Please print, exactly, only the lines in the entries below from the line that has "Anfänglich ruhte der" through the line that has "校領導為學生代表佩戴成人紀念章。". Pictures don't go in.

........

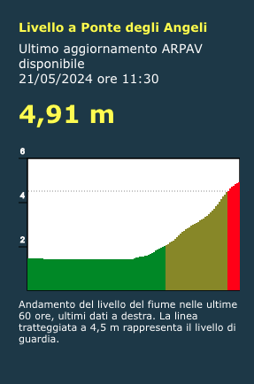 AGGIORNAMENTO ORE 12 – Mentre la pioggia non sembra volersi placare nel Vicentino, alle 11:30 il Bacchiglione in città ha quasi raggiunto i 5 metri. Tutti gli occhi sono puntati su di esso, mentre poco lontano il Timonchio erode gli arigni e Orolo tracima sul bacino. “In questo momento sono in funzione i bacini di laminazione di Montebello, di Caldogno e sull’Orolo”: lo rende l’assessore veneto alla protezione civile, Gianpaolo Bottacin, in relazione alla situazione meteo in provincia di Vicenza. Nel primo pomeriggio è stata convocata una conferenza stampa in Comune per gli ultimi aggiornamenti.
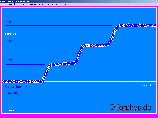 Anfänglich ruhte der Schüler im Koordinatenursprung. Dann bewegte er sich "gleichförmig" (mit konstanter Geschwindigkeit) zu einem bestimmten Ort und blieb dort wieder eine Zeitlang in Ruhe. Anschließend bewegte er sich "gleichförmig" rückwärts zum Koordinatenursprung und sogar über ihn hinaus bis zu einem negativen Ort, an dem er in Ruhe bleibt. |
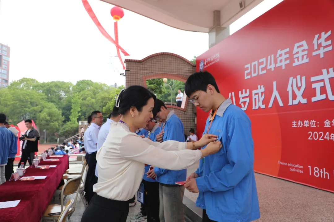 校領導為學生代表佩戴成人紀念章。
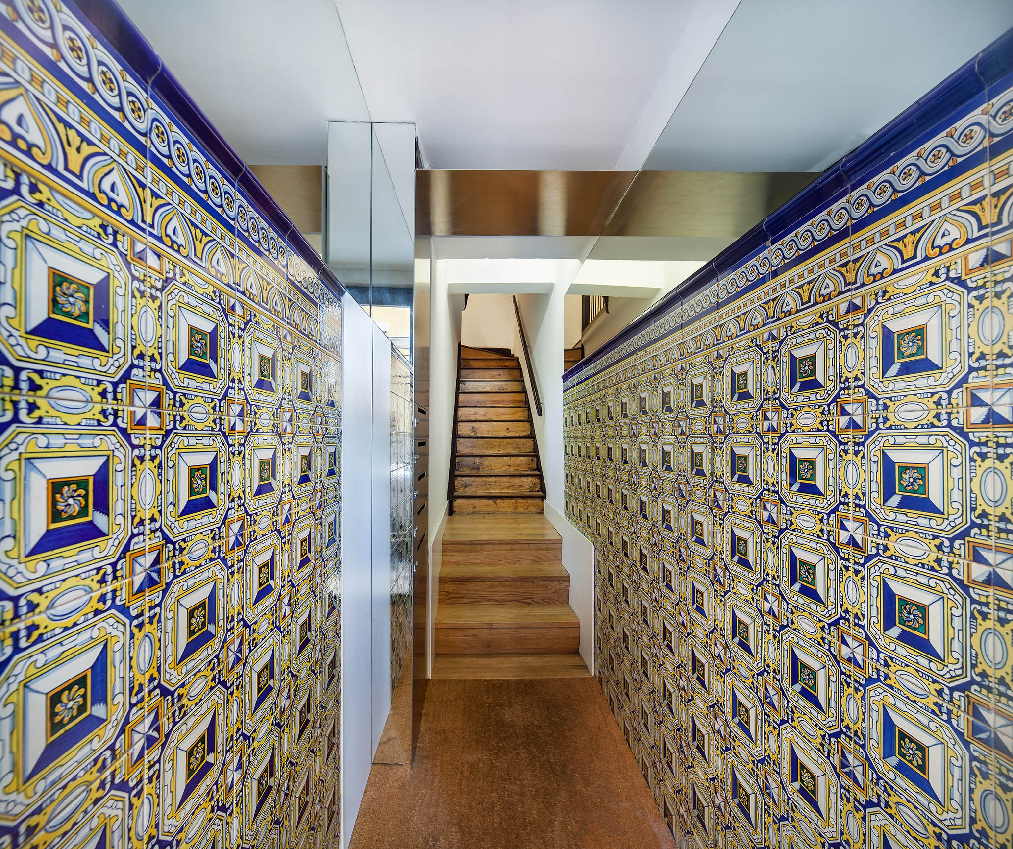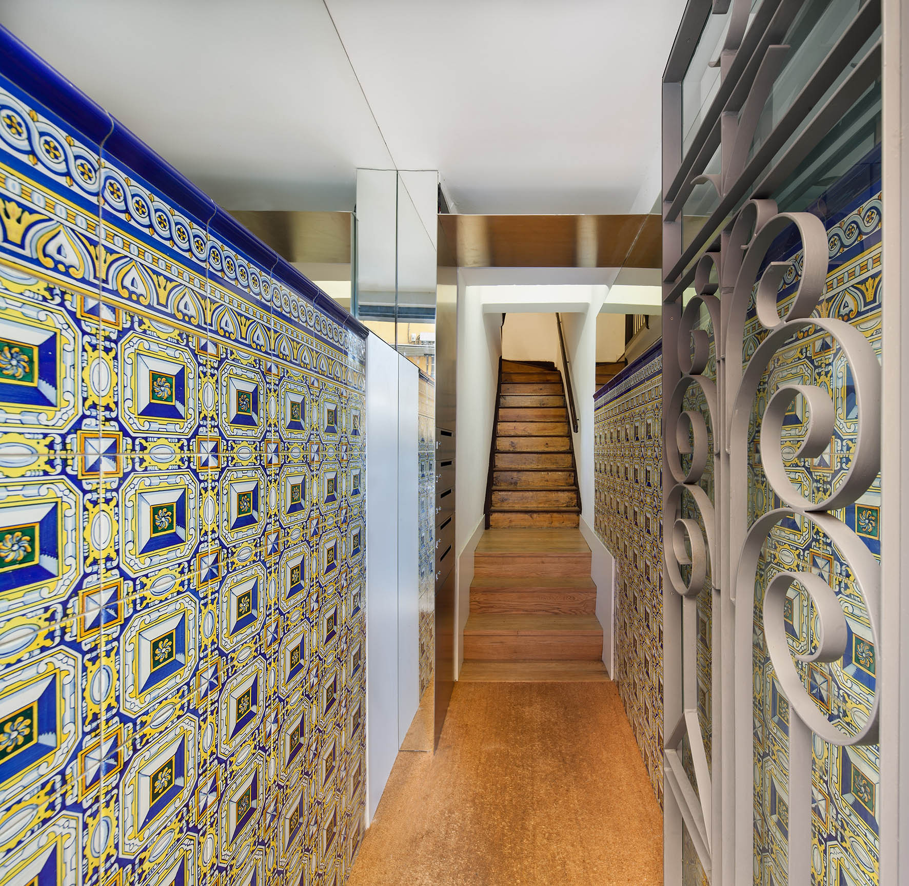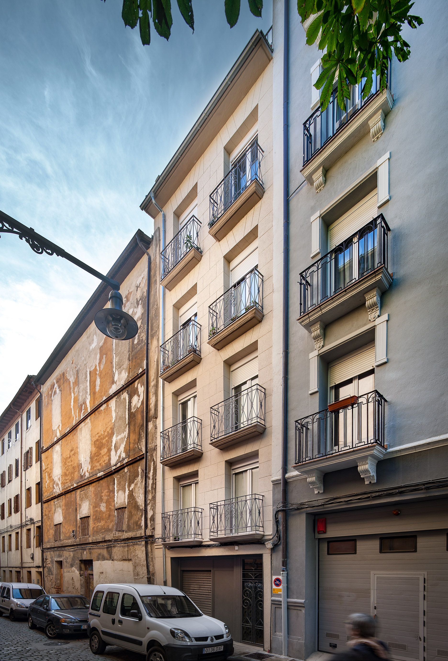 El trabajo de restauración en la fachada principal orientada hacia la calle fue completo pero no requirió intervención de carácter estructural. El portal de acceso también fue objeto de atención en sus acabados, para este espacio tuvimos la fortuna de localizar una remesa de piezas cerámicas con un diseño análogo al de las piezas preexistentes; y así mantener el carácter y singularidad del acceso a este edificio. Diseñamos una verja de protección para el portal siguiendo este mismo principio y para ello tomamos el patrón que adorna la forja de los balcones.
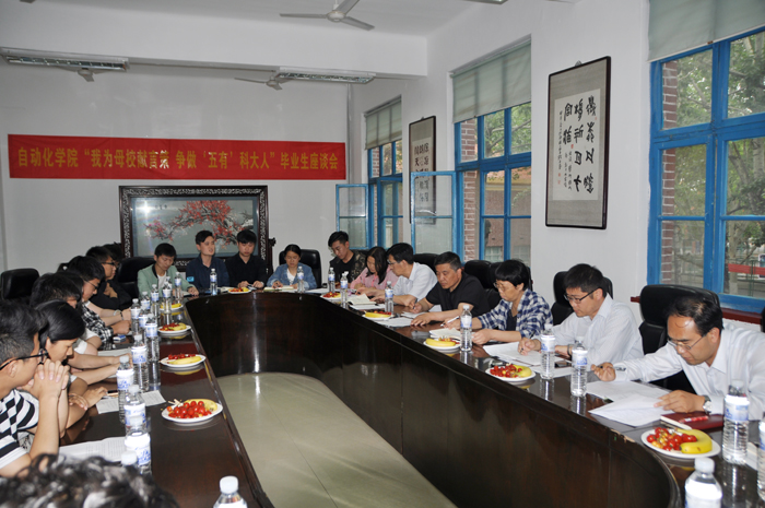 毕业生代表座谈“拉家常”。6月6日下午,学院2017届毕业生“我为母校献言策,争做‘五有’科大人”座谈会在四方校区第二会议室举行,公司党政领导、各教研室主任、教师代表和毕业生代表参加了座谈会。

........

(Written response)
 Anfänglich ruhte der Schüler im Koordinatenursprung. Dann bewegte er sich "gleichförmig" (mit konstanter Geschwindigkeit) zu einem bestimmten Ort und blieb dort wieder eine Zeitlang in Ruhe. Anschließend bewegte er sich "gleichförmig" rückwärts zum Koordinatenursprung und sogar über ihn hinaus bis zu einem negativen Ort, an dem er in Ruhe bleibt. |
 校領導為學生代表佩戴成人紀念章。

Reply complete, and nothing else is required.